Deidre Freeman

Personal information
- Born: August 26, 1988 (age 37) Grinnell, Iowa, United States

Sport
- Sport: Diving

Medal record
Representing United States
Pan American Games
| Bronze medal – third place | 2015 Toronto | 10m platform synchro |

= Deidre Freeman =

American diver

Deidre Freeman (born August 26, 1988) is an American diver.

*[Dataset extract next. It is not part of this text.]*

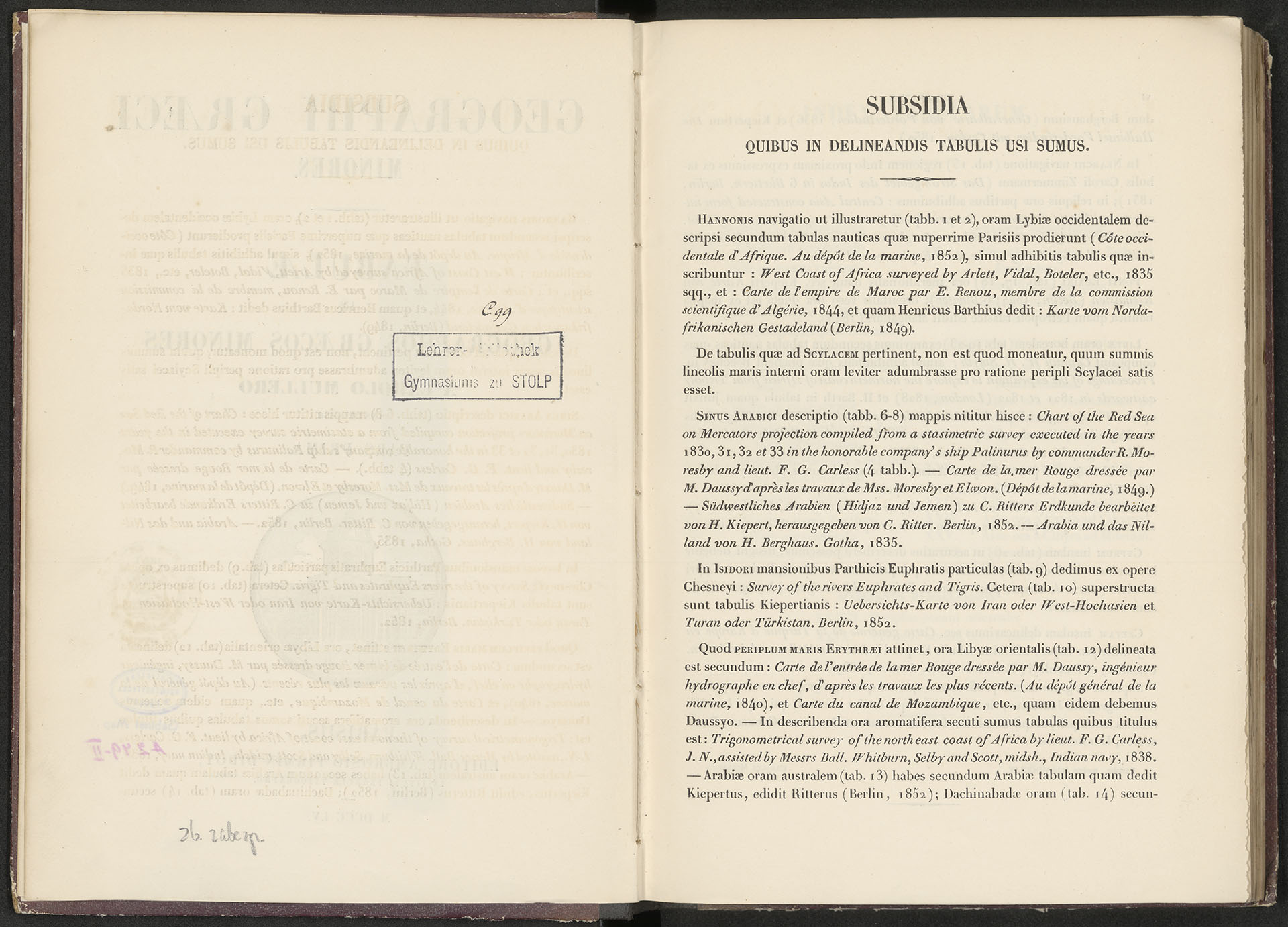 GEOGRAPHI GRAECI MINORES. TABULAE IN GEOGRAPHOS GRAECOS MINORES A CARLO MULLERO INSTRUCTAE. PARS PRIMA - strona z prostokątną pieczątką: Lehrer-Bibliothek des Gimnasiums zu STOLP

The daughter of Will Freeman, a pole-vaulter, Freeman was born in Grinnell, Iowa, and began diving when she was 14. At high school she was a state runner-up as a senior, and placed fourth as a junior. She was a three-time conference champion, All-State, All-District, All-Conference, and team MVP, setting Grinnell High School's 6-dive record and ranking third in Iowa high school history for an 11-dive score. Having studied at the University of Iowa, where she was a two-time All-American performer, The 2013 U.S. national champion on the 3m board, Freeman earned her place in the World Diving Championships by taking second place on 1 Meter and first place on 3 Meter at the 2013 USA Diving World Championships Trials.

She has competed in 9 US national events and participated in the 2012 US Olympic Trials, taking 4th in the synchronized event and 18th in the 3-meter event. The same year, she was the United States' synchronized representative at the Canada Cup. She currently coaches at Grinnell College.